For the material below, reproduce exactly each line from the one that has "从业绩表现来看,嘉合睿金混合" through the one that has "있다. 2023.11.14 scape@yna.co.kr", and no others; pictures stay out.

═══ Excerpted data

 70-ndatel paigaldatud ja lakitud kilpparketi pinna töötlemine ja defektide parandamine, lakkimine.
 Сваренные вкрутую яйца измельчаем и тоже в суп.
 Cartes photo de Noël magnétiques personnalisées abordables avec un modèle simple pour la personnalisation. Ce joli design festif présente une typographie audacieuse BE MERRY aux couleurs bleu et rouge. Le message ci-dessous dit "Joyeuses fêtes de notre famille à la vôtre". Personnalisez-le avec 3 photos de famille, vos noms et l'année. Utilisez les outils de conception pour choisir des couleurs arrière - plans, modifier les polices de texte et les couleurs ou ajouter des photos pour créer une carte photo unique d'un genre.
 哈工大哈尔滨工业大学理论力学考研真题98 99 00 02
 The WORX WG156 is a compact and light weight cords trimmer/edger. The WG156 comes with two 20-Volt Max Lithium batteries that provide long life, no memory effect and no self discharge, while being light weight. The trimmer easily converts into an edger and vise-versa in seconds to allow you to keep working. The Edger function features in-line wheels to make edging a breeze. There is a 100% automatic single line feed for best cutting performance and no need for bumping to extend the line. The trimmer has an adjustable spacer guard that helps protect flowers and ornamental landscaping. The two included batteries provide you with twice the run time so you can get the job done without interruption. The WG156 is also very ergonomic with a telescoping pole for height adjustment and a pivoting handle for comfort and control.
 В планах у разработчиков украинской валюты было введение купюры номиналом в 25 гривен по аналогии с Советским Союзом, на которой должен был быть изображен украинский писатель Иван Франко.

══════
═══ Excerpted data

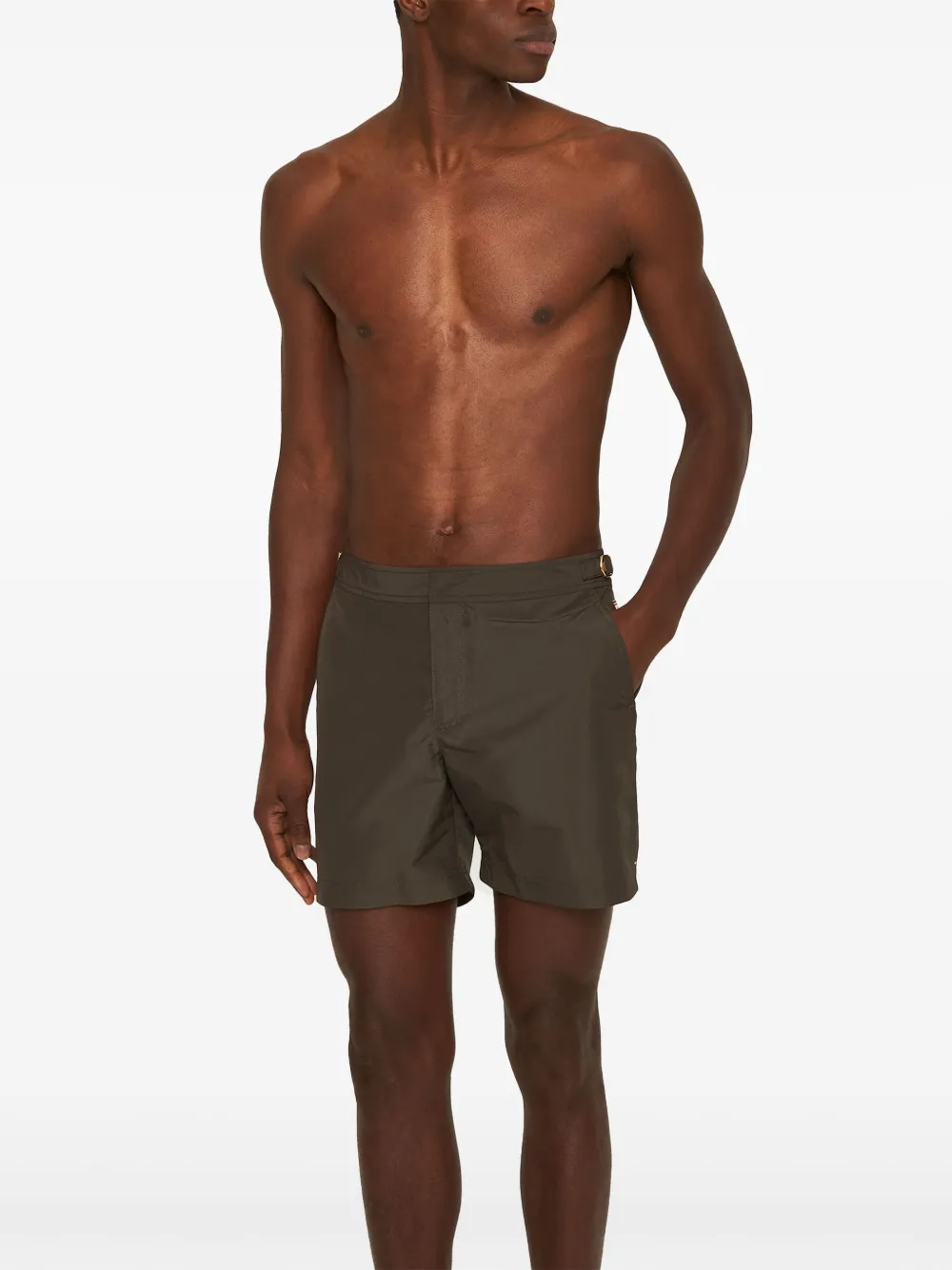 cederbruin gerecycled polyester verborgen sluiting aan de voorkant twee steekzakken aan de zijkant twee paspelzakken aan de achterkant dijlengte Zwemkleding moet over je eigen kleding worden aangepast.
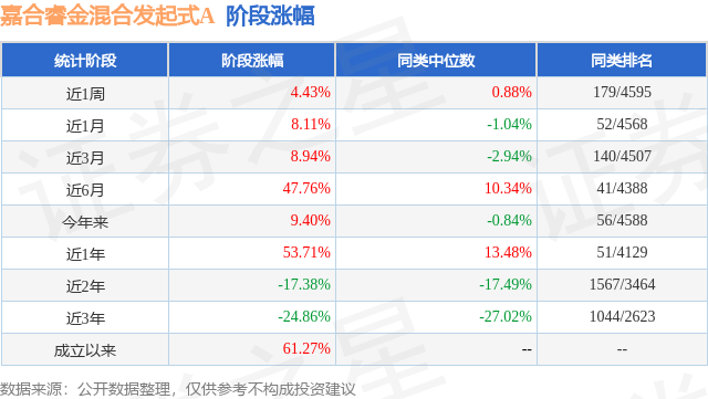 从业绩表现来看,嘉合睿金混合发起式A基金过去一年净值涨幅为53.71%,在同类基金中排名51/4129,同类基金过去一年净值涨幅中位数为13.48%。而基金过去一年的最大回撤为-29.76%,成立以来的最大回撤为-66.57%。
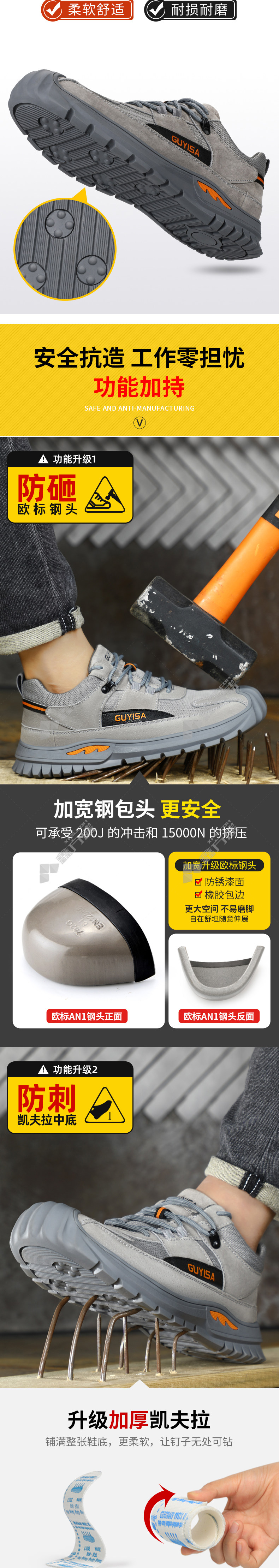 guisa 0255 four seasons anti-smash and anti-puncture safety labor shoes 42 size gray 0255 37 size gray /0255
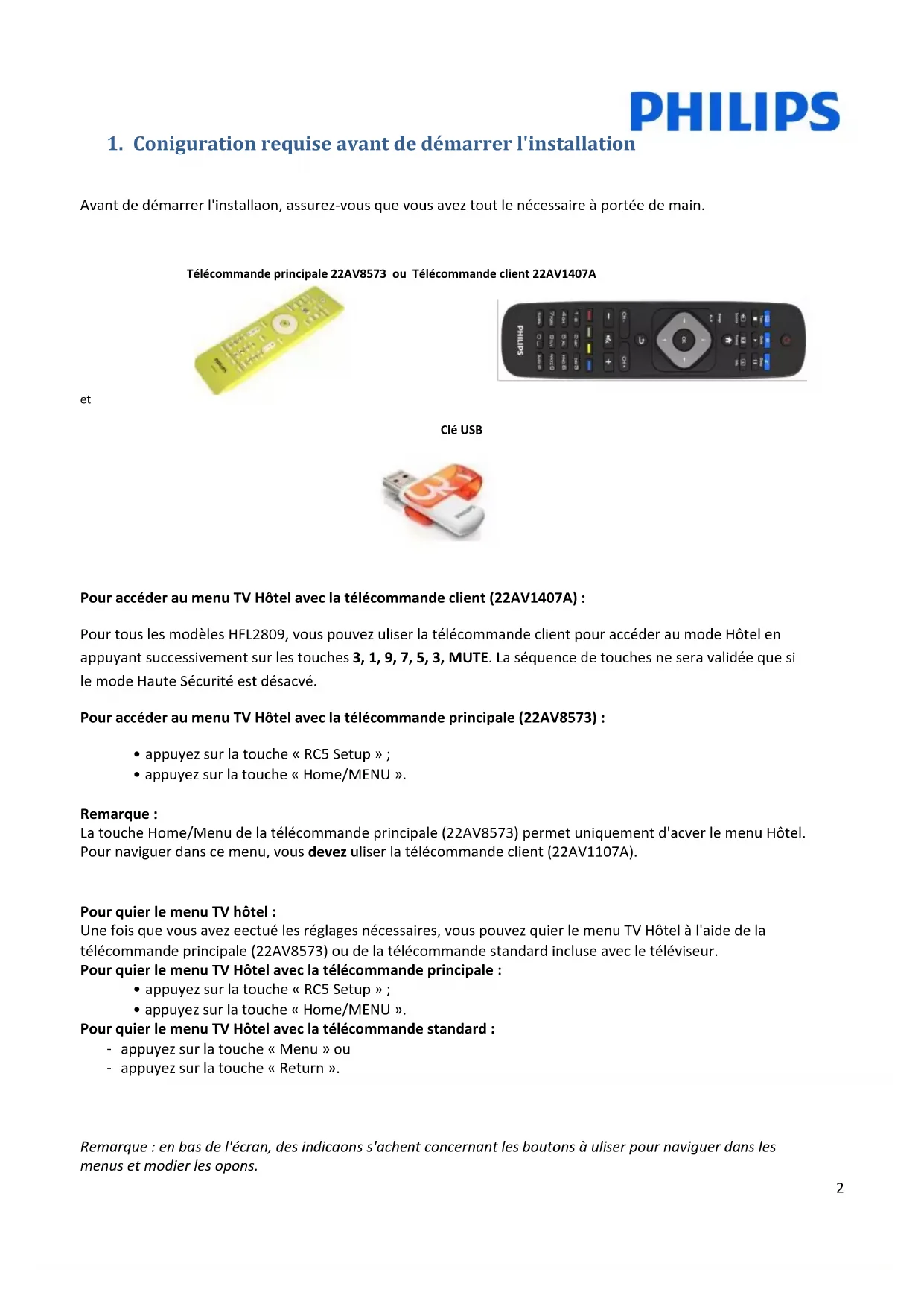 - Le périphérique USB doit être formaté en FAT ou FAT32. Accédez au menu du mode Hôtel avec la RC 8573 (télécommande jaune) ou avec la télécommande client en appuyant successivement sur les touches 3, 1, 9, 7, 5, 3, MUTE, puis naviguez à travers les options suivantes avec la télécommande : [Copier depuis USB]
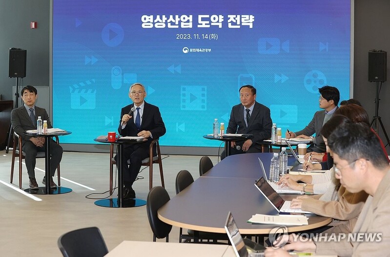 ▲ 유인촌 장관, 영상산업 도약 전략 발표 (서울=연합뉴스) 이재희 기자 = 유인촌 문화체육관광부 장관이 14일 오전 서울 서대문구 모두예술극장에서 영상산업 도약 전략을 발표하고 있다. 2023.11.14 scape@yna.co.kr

══════
═══ Excerpted data

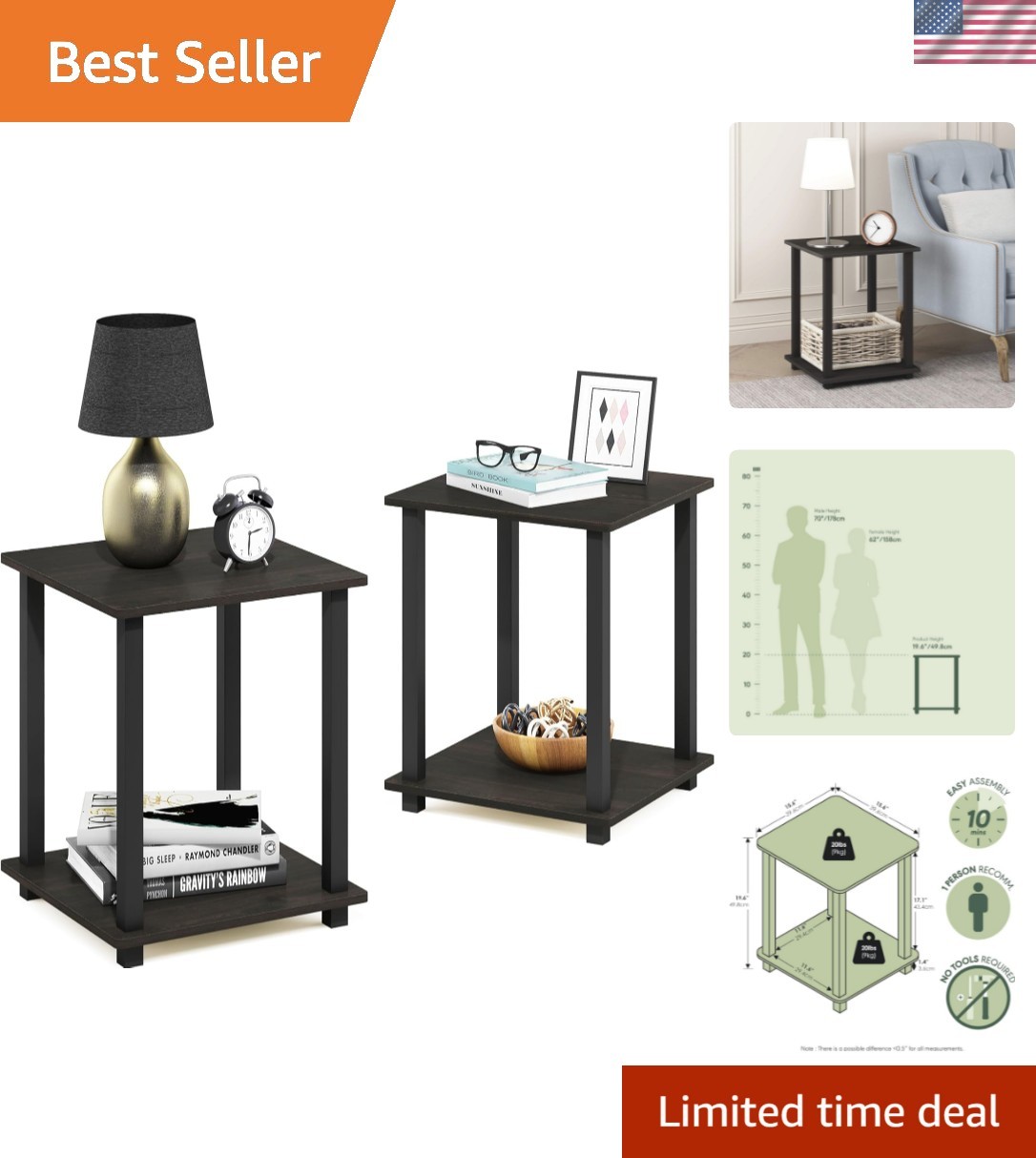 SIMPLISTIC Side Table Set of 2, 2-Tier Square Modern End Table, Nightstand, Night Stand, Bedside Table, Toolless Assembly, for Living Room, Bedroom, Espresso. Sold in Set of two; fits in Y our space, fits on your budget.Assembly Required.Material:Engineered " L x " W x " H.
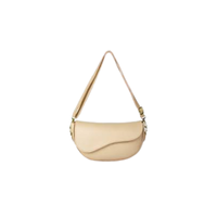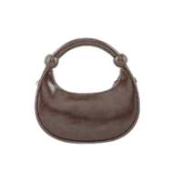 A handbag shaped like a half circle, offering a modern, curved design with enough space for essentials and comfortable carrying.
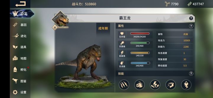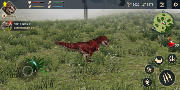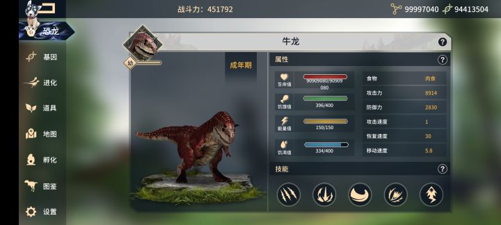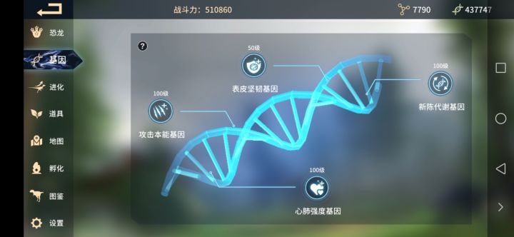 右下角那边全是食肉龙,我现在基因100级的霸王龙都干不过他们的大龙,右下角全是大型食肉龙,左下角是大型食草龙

══════

Output for this exercise:
 从业绩表现来看,嘉合睿金混合发起式A基金过去一年净值涨幅为53.71%,在同类基金中排名51/4129,同类基金过去一年净值涨幅中位数为13.48%。而基金过去一年的最大回撤为-29.76%,成立以来的最大回撤为-66.57%。
 guisa 0255 four seasons anti-smash and anti-puncture safety labor shoes 42 size gray 0255 37 size gray /0255
 - Le périphérique USB doit être formaté en FAT ou FAT32. Accédez au menu du mode Hôtel avec la RC 8573 (télécommande jaune) ou avec la télécommande client en appuyant successivement sur les touches 3, 1, 9, 7, 5, 3, MUTE, puis naviguez à travers les options suivantes avec la télécommande : [Copier depuis USB]
 ▲ 유인촌 장관, 영상산업 도약 전략 발표 (서울=연합뉴스) 이재희 기자 = 유인촌 문화체육관광부 장관이 14일 오전 서울 서대문구 모두예술극장에서 영상산업 도약 전략을 발표하고 있다. 2023.11.14 scape@yna.co.kr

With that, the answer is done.